NOTE: there is 'noise' on WWW that electron maybe has some inherit issues or reasons that can cause SELinux alerts. I didn't follow the release notes for t4l too closely, but maybe bump from 1.6x to 1.7x brought in new stuff from Electron...
HTH
The only change of libraries from 1.6.1 to 1.7.0 is this package https://github.com/sindresorhus/globals
We are still in electron 29.3, but hope to up to 30.x soon(ish).
In 1.7.2 we also added an option to disable local shortcuts, that "maybe" raises that alert, but that is only from 1.7.2.
.
Also added eslint but that is for build time, not runtime.
See the changes in here... there is a lot of code-refactoring removing lines etc. https://github.com/IsmaelMartinez/teams-for-linux/compare/v1.6.1...v1.7.4
Can you check if 1.8.0 still has this error? I just updated electron to 30.
Also put the logs you for teams-for-linux. I don't think is going to be related to the web part, but there might be some info in there.
Thanks!
Will do! May be a few days -- navigating out of office work. Also I applied a policy to ignore the SELinux alert I was getting from teams 1.7x. I need to figure out how to un-do that to get a proper test if 1.8x changes this or not.
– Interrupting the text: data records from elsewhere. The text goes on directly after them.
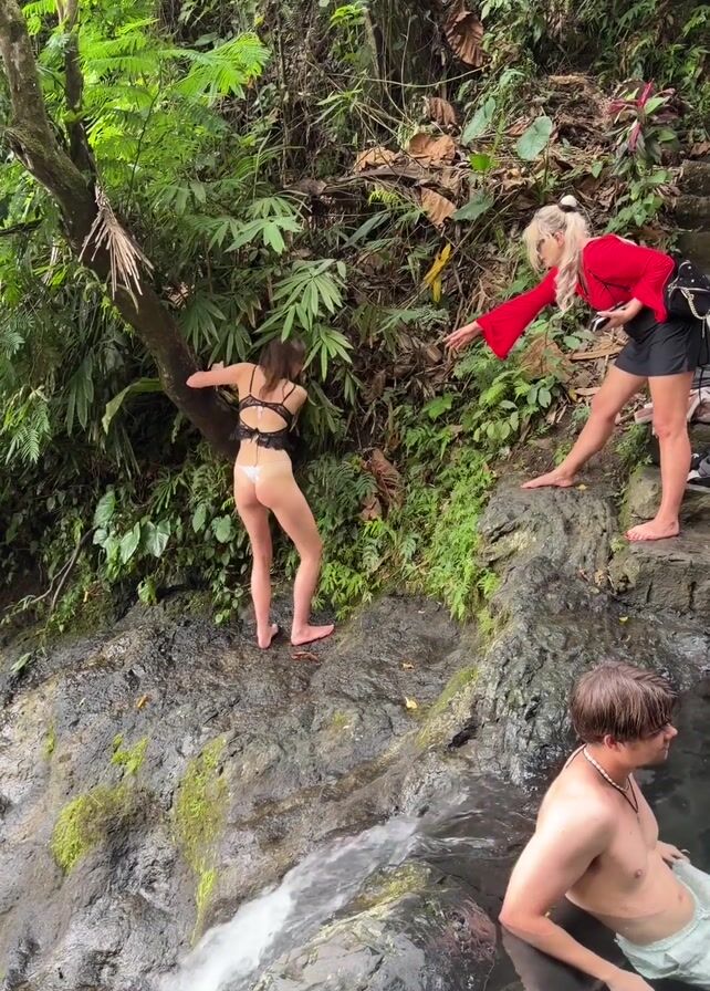 tropical outdoor scene with three people. In the bottom foreground, a shirtless man is half-submerged in a pool of water, looking to his left. To the left of the pool, a woman in a black bikini stands on a mossy rock surface, using a small tree branch for balance. To her right, standing on a higher rocky outcrop, is another woman with blonde hair, wearing a red long-sleeved shirt and a short black skirt. She's reaching out with her right hand towards the woman in the bikini, seemingly offering assistance. The background is filled with lush, dense tropical foliage. A small waterfall cascades into the pool. The overall atmosphere is natural and adventurous.
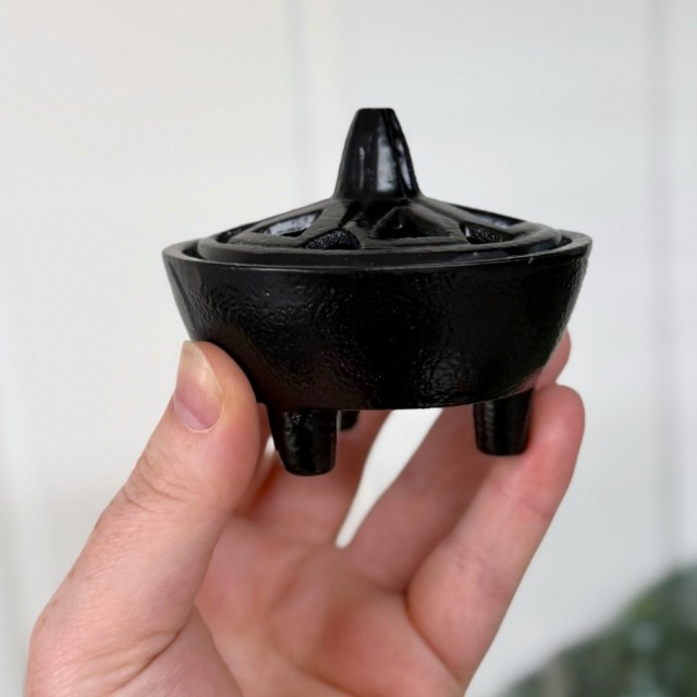 Den solide konstruksjonen i jern gjør den perfekt som røkelsesbrenner for resin, urter og røkelseskjegler. Lokket gir et mystisk uttrykk samtidig som det lar røyken sive rolig ut og skape en helt egen stemning i rommet.
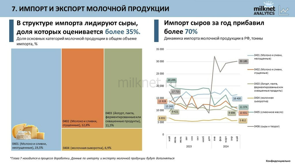 Информационно-аналитический отдел портала Milknet.ru представляет своим подписчикам ежемесячный аналитический отчет о молочной отрасли России по итогам мая 2024 года.
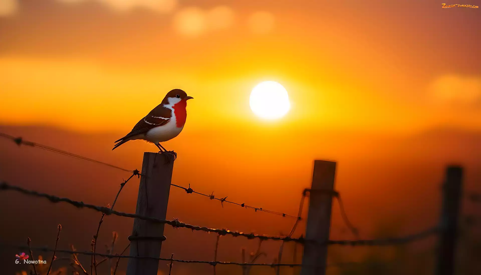 Zdjęcie: Grafika AI, Kołki, Ptak, Płot, Druty, Zachód słońca
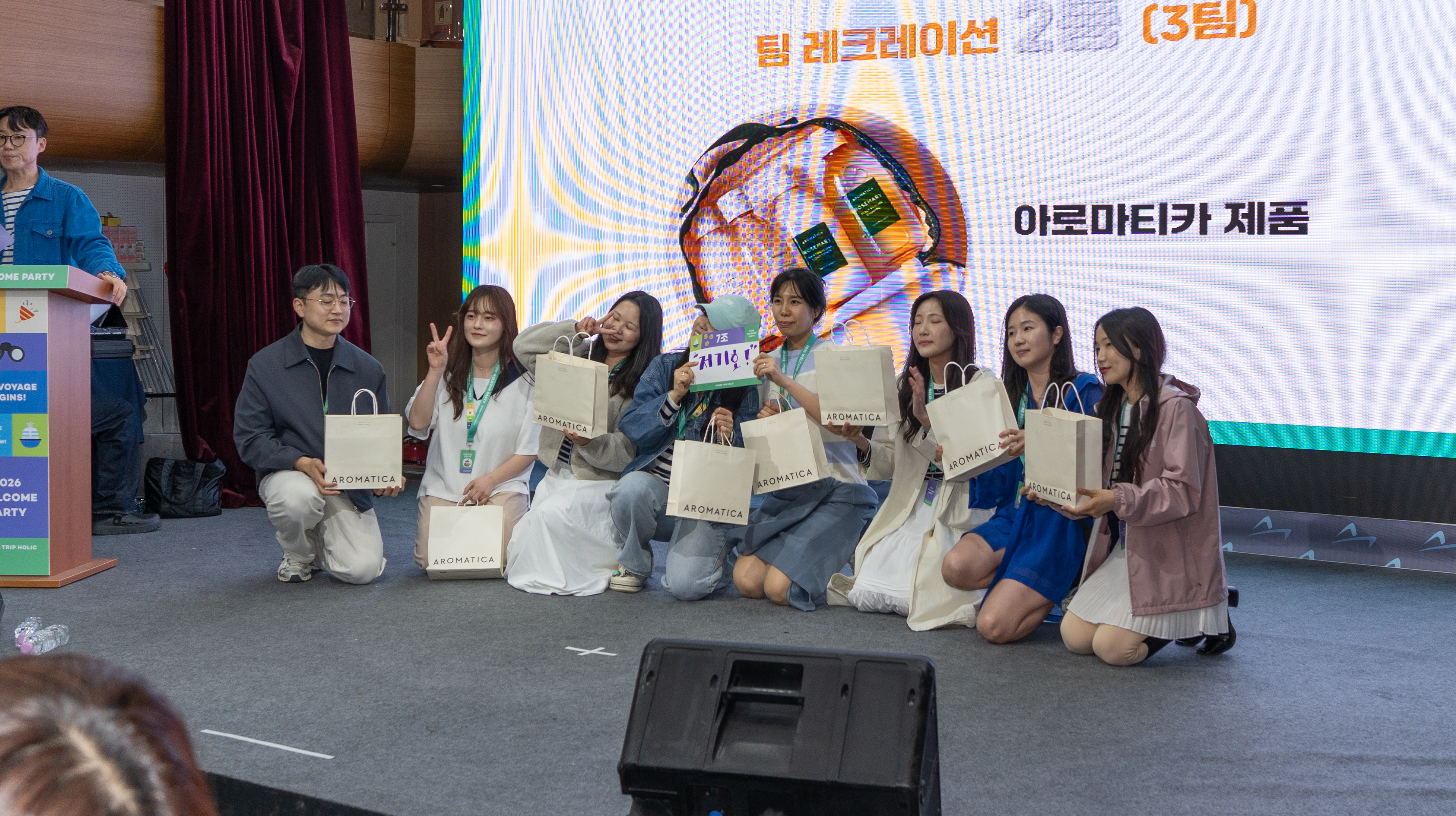 이후 2등과 3등 베스트팀워크, 베스트시너지상 순으로 시상식이 진행되었습니다. 2등 상품은 아로마티카 제품, 3등은 멜리언스 여행용 멀티어댑터, 베스트팀워크 상품은 브리타 정수 텀블러, 베스트 시너지 상품은 캡슐세제, 여행용파우치, 러쉬입욕제 선물이 있었습니다. 하지만 이번 웰컴파티에서는 큰 상품을 몰아주고 있었는데요,

I'm running Silverblue and getting this as well, however Teams for Linux still works. So even though you may see something in the selinux audit.log about something being blocked it's not an issue unless the application breaks and even then there are selinux booleans you can use for such circumstances. I'm assuming this could also be caused by an application like Signal or Discord?
I will close this, If you got more info no why it is complaining then we can re-open.